**** INFORMATION SUPPLIED

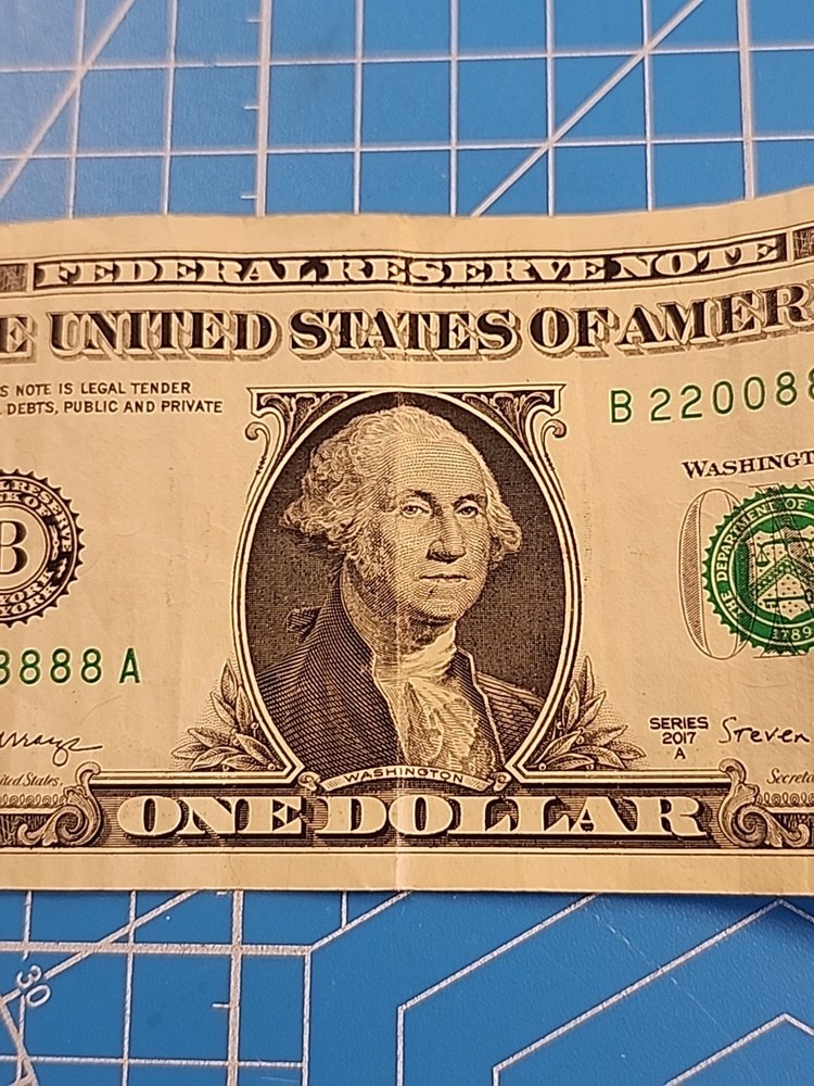 The product is a 2017 $1 Federal Reserve Note with the trinary number repeated three times, specifically #B22008888A. This banknote is circulated and originates from the United States. It is not graded or certified, making it a unique and collectible piece of American currency. I offer fast shipping with postal proof packaging. Over twenty years of selling on ebay, your satisfaction is guaranteed. Please check out my other listings for additional offers. Thank you for looking.
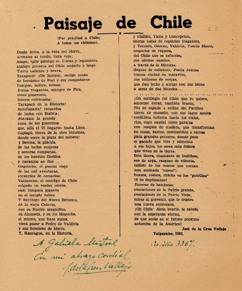 [Poema] Paisaje de Chile [manuscrito] José de la Cruz.
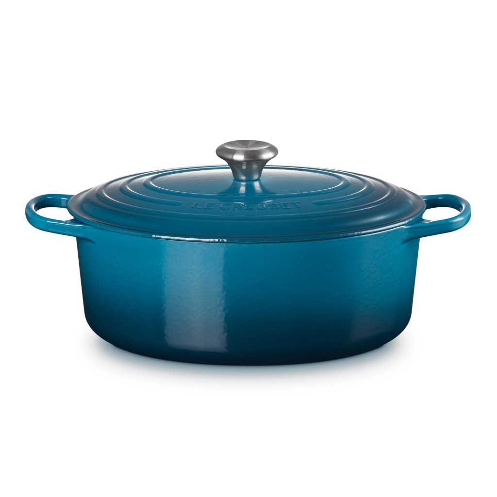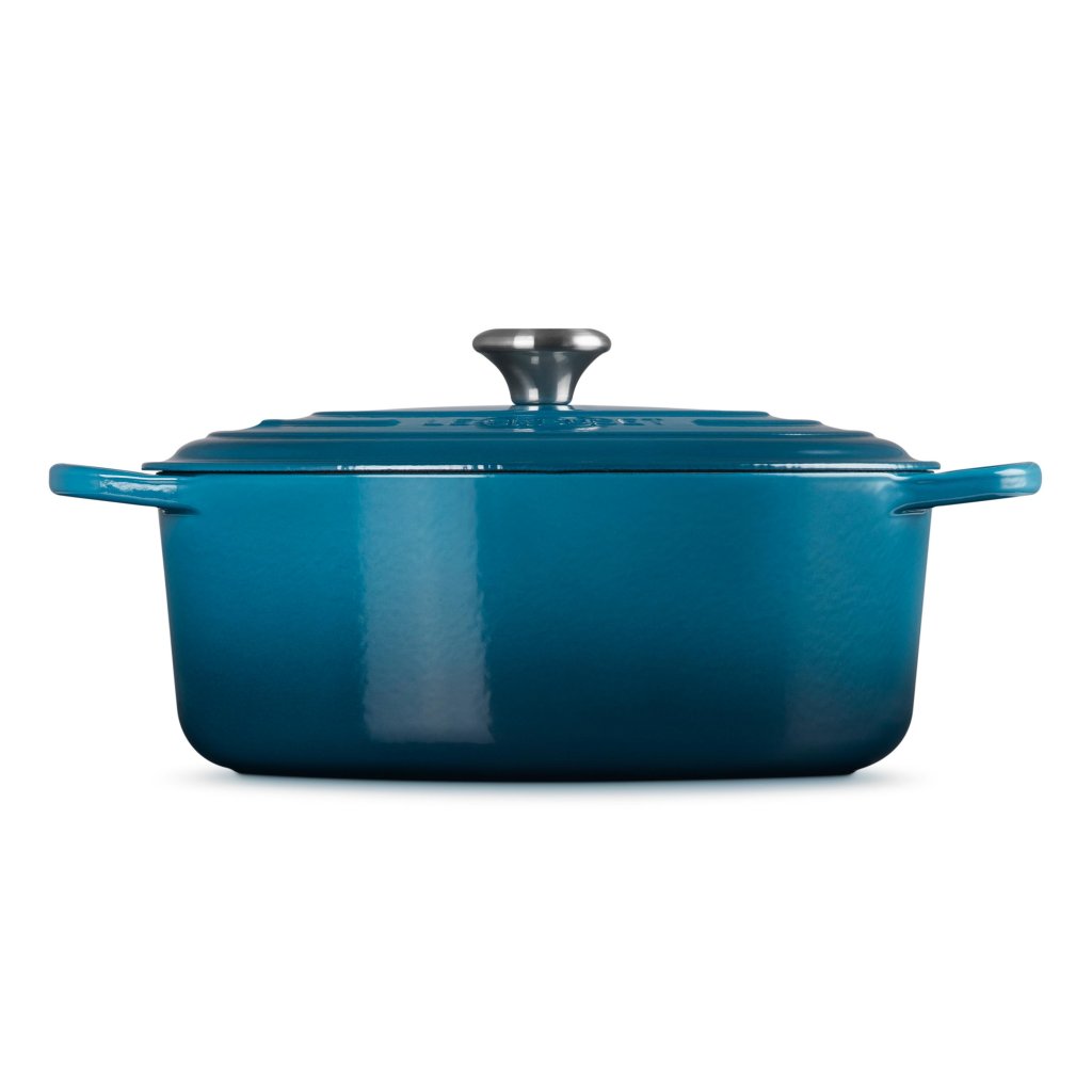 - Tava ovală fontă capac pentru caserolă Le Creuset în culoarea DEEP TEAL este un ajutor universal în bucătărie, suficient de spațioasă pentru a coace o pulpă întreagă de miel și, în același timp, suficient de îngustă pentru a lăsa loc în cuptor pentru garnituri.

********

ASSIGNMENT
Return each line from the material above exactly, but not the pictures.

RESPONSE TO THE TASK
 The product is a 2017 $1 Federal Reserve Note with the trinary number repeated three times, specifically #B22008888A. This banknote is circulated and originates from the United States. It is not graded or certified, making it a unique and collectible piece of American currency. I offer fast shipping with postal proof packaging. Over twenty years of selling on ebay, your satisfaction is guaranteed. Please check out my other listings for additional offers. Thank you for looking.
 [Poema] Paisaje de Chile [manuscrito] José de la Cruz.
 - Tava ovală fontă capac pentru caserolă Le Creuset în culoarea DEEP TEAL este un ajutor universal în bucătărie, suficient de spațioasă pentru a coace o pulpă întreagă de miel și, în același timp, suficient de îngustă pentru a lăsa loc în cuptor pentru garnituri.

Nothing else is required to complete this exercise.